Clancy is right—the world is analog. But that doesn’t make it dirty, unpredictable, or imprecise. While digital signals are limited by finite resolution, analog signals can have infinite resolution, limited only by noise or quantum effects. Analog signal processing can respond nearly instantaneously, without the computational delays inherent to digital signal processing. Analog circuitry can often operate at far lower power levels than digital circuitry providing the same function. Yet it is difficult to maintain the speedy, pristine nature of an analog signal through further signal processing for communications or storage, especially over long distances, in hostile environments, or over extended periods of time. Thus, the world needs precision data converters, high-speed operational amplifiers, power management components—and the expertise to use them.

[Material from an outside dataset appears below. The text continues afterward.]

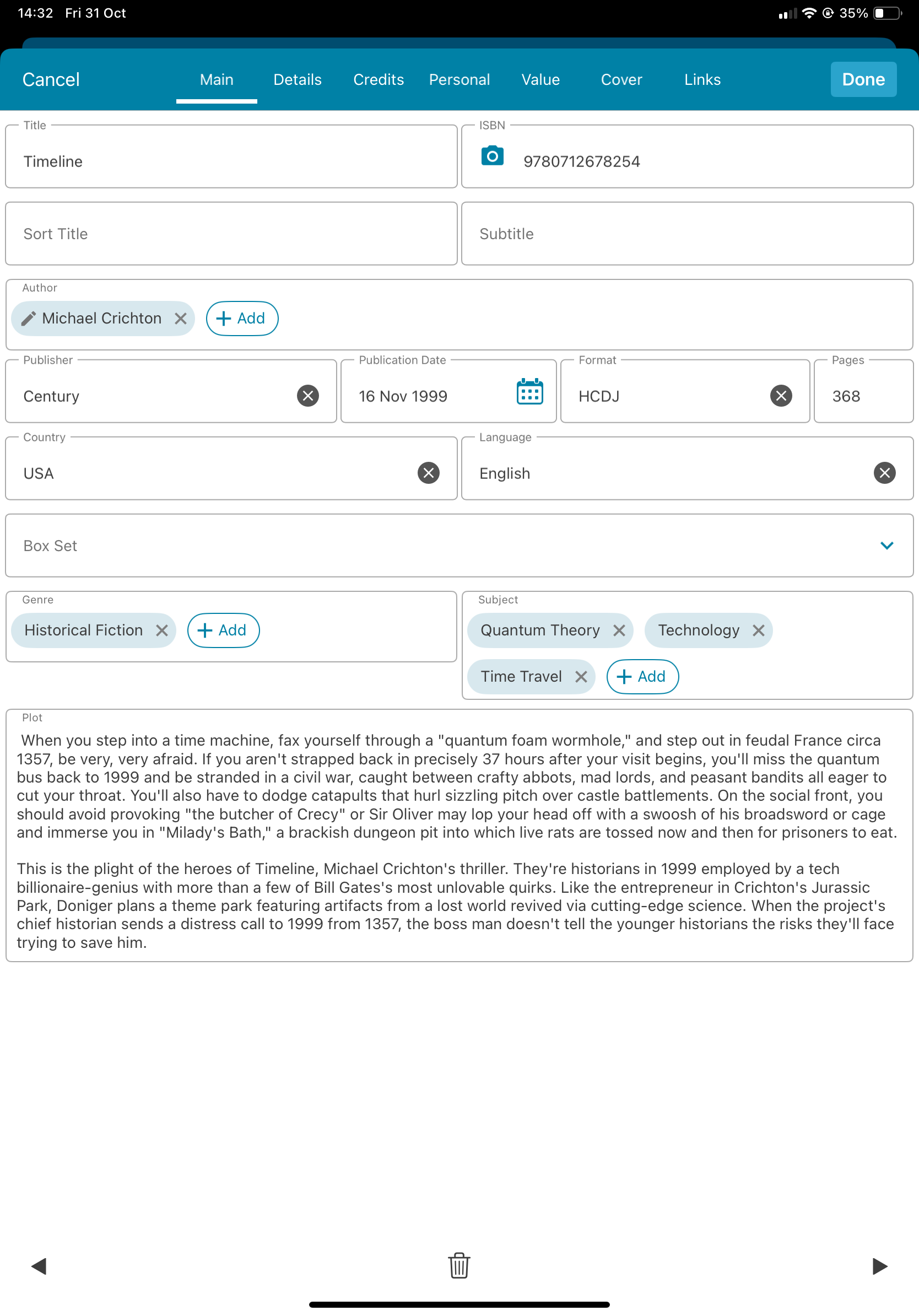 I meant to add: currently, when I input an ISBN-10 to identify a book in your core, and select one to add to my collection, the app automatically applies the ISBN-13 which, of course is not what is in the book itself. Because I’m now manually changing all ISBNs to show what is in the book, I then have to go and manually change what I have in the book record - and it would be so much neater if the app automatically populated both fields.

The images in a digital camera are stored as 1s and 0s, but they are acquired by a CCD analog imager. Processing the CCD signal requires analog functions such as sampling, variable-gain amplification, and A/D conversion. Displaying the image on the liquid-crystal display requires analog functions, such as D/A conversion, filtering, and gamma correction. Many digital cameras include audio functions, and therefore require audio codecs and amplifiers to drive the speakers and microphones.

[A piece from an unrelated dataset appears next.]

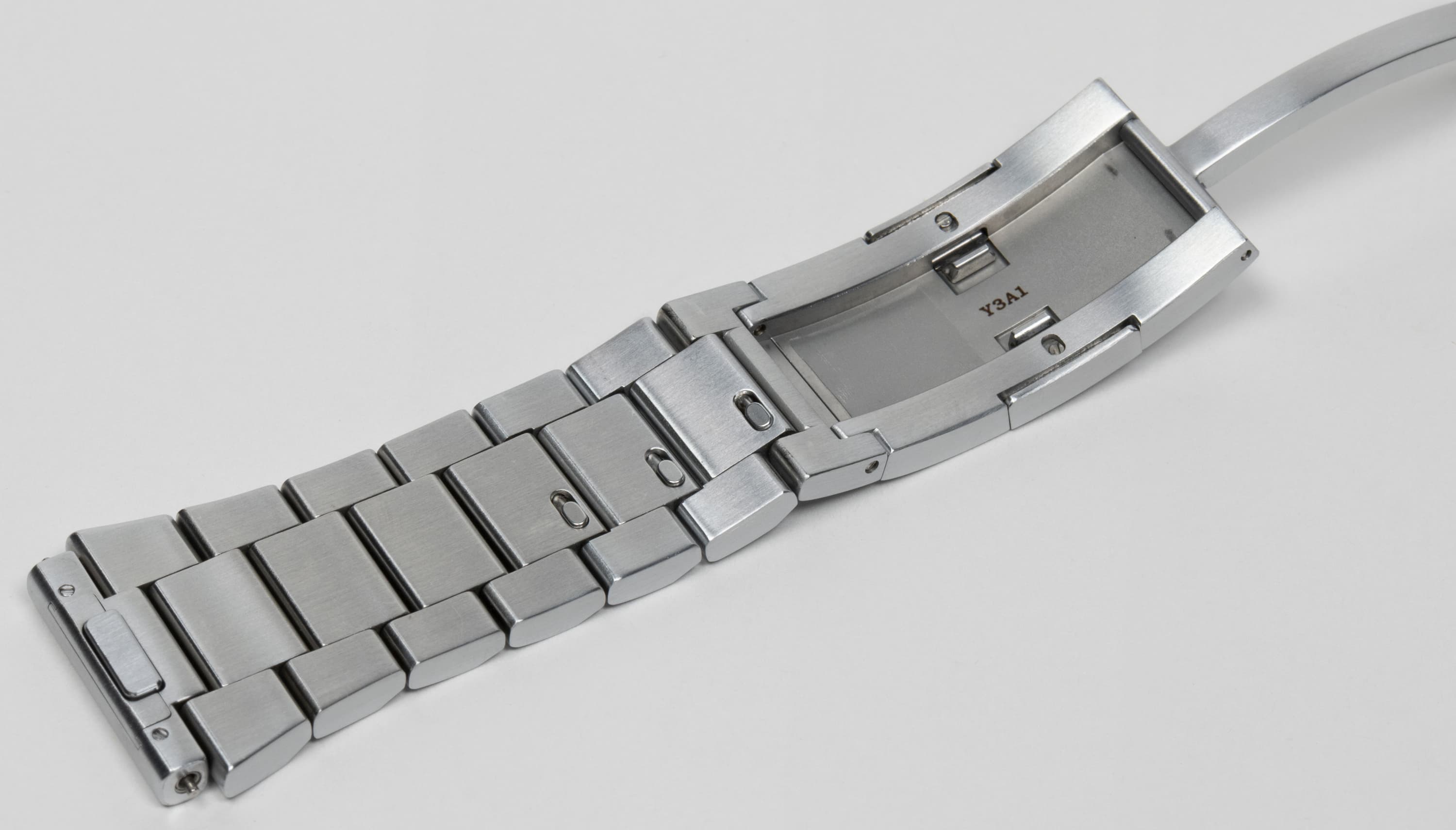 Теперь несколько слов о браслете. Он сделан из металлических звеньев и рассчитан на руку средней, скорее даже небольшой толщины. При этом четыре звена извлекаемые, то есть при желании можно приспособить браслет к еще более худой руке. Но хотелось бы нам посмотреть на взрослого мужчину, которому потребуется вытаскивать все четыре звена для комфортного ношения Watch Ultimate! Автор, обладатель очень худых запястий, ограничился извлечением двух звеньев, причем вполне можно было обойтись и одним. А многим более крупным коллегам автора не удалось надеть часы даже со всеми четырьмя звеньями — застежка просто не застегивалась.

Wireless communication is also made possible by analog technology. Cellular carriers brag about their all-digital networks, but humans don’t speak in 1s and 0s, and don’t hear that way either. Voices must be digitized by A/D converters and reconstructed by D/A converters. And, while the data being transmitted is digital, the transmission medium is analog. 1s and 0s can’t be transmitted as-is—they must first be modulated onto high-frequency carriers. On the receive side, weak signals must be captured by low-noise amplifiers—and demodulated. Power for all of these functions must be supplied by a small battery that lasts for weeks between charges, can be recharged quickly, and can be used while it is being charged. This requires complex analog power-management techniques.

Analog Devices, with its technologies, products, application notes, data sheets, application seminars, design tools, web site, field application engineers—and publications such as Analog Dialogue—seeks to help foster both the technology and expertise that designers—trained in either analog or digital—can use to cope with the realities of a mixed-signal world.

Scott Wayne [scott.wayne@analog.com]


[i] Tom Clancy, The Teeth of the Tiger. New York: G. P. Putnam’s Sons, hardcover (2003).